A. Standard of Review and Applicable Law

¶ 17 The postconviction court determines the weight and credibility to be given to the testimony of witnesses in a Crim. P. 35(c) hearing. People v. Curren, 228 P.3d 253, 258 (Colo.App.2009). When the evidence in the record supports the court's findings, we will not disturb those findings on review. Id . We, however, review the court's conclusions of law de novo. Id.

¶ 18 To obtain relief on an ineffective assistance of counsel claim, a defendant generally must satisfy the test adopted by the United States Supreme Court in Strickland v. Washington, 466 U.S. 668, 687–94, 104 S.Ct. 2052, 80 L.Ed.2d 674 (1984), and followed in Colorado. See, e.g., People v. Cole, 775 P.2d 551, 554 (Colo.1989). Under Strickland 's two-prong test, a defendant is required

to demonstrate first, that “in light of all the circumstances, the identified acts or omissions [of counsel] were outside the wide range of professionally competent assistance,” and second, that he suffered prejudice from his counsel's ineffectiveness, that is, “that there is a reasonable probability that, but for counsel's unprofessional errors, the result of the proceeding would have been different.”

Id. (quoting Strickland , 466 U.S. at 690, 694, 104 S.Ct. 2052 ).

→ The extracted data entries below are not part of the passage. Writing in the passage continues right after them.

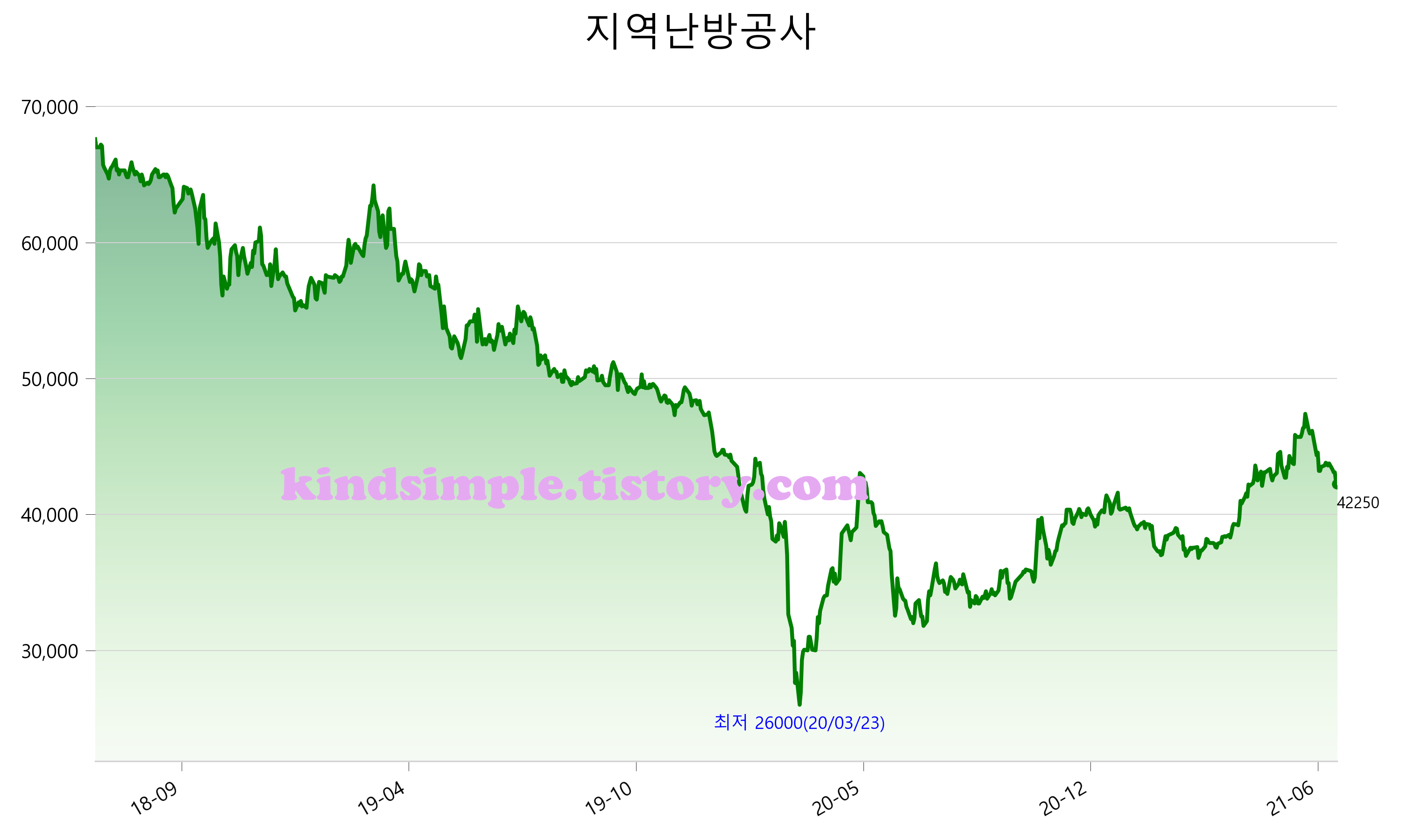 7월 10일 기준 주가는 42,250원 입니다. 아래는 최근 3년간의 주가흐름입니다.
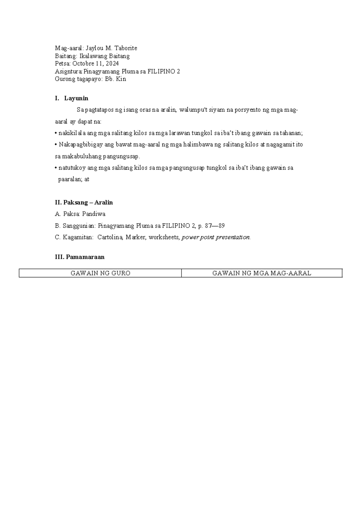 Lesson Plan Grade 1 Filipino Pandiwa - Free Printable Template
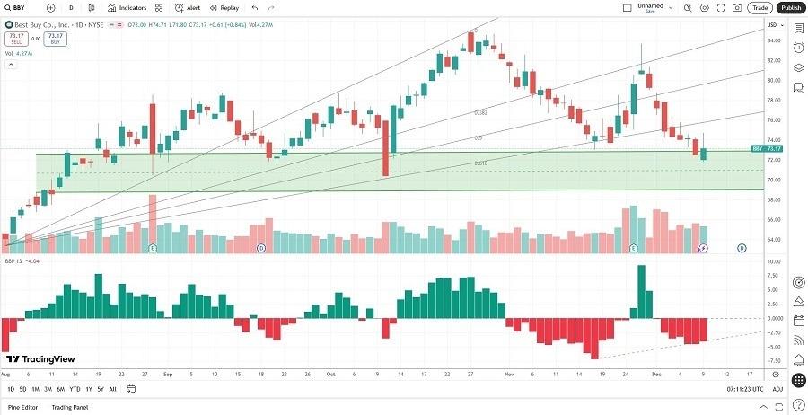 (MENAFN- Daily Forex) Long Trade IdeaEnter your long position between $68.72 (the lower band of its horizontal support zone) and $72.75 (the upper band of its horizontal support zone).Market Index Analysis Best Buy (BBY) is a member of the S&P 500. This index trades inside a bearish chart formation with rising breakdown catalysts. The Bull Bear Power Indicator of the S&P 500 is bullish with a descending trendline.
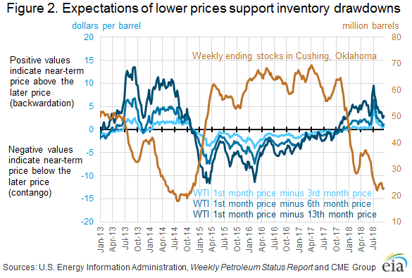 ”Crude oil inventories held at Cushing, Oklahoma, decreased by more than half since this time last year, recently falling to lows last reached in 2014. Logistical factors and strong demand for crude oil from both domestic refining and exports markets have contributed to the steep year-over-year decrease.”
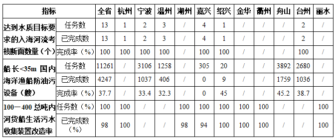 2020年全省計劃要求13個入海河流考核斷面達到水質(zhì)目標(biāo),安裝11261艘船長<35m國內(nèi)海洋漁船防油污設(shè)備,完成100個100—400總噸內(nèi)河貨船生活污水收集裝置改造。

¶ 19 Because of the difficulties inherent in evaluating an attorney's conduct without relying on the distorting effects of hindsight, “a court must indulge a strong presumption that counsel's conduct falls within the wide range of reasonable professional assistance; that is, the defendant must overcome the presumption that, under the circumstances, the challenged action ‘might be considered sound trial strategy.’ ” Strickland, 466 U.S. at 689, 104 S.Ct. 2052 (quoting Michel v. Louisiana, 350 U.S. 91, 101, 76 S.Ct. 158, 100 L.Ed. 83 (1955) ).

¶ 20 If a court determines that a defendant has failed to prove either prong of the Strickland analysis, it may deny an ineffective assistance claim without addressing the other prong. See id. at 697, 104 S.Ct. 2052.

B. Burden of Proof

¶ 21 Washington contends that the postconviction court reversibly erred in applying the incorrect burden of proof on the prejudice prong of his ineffective assistance claim. We are not persuaded.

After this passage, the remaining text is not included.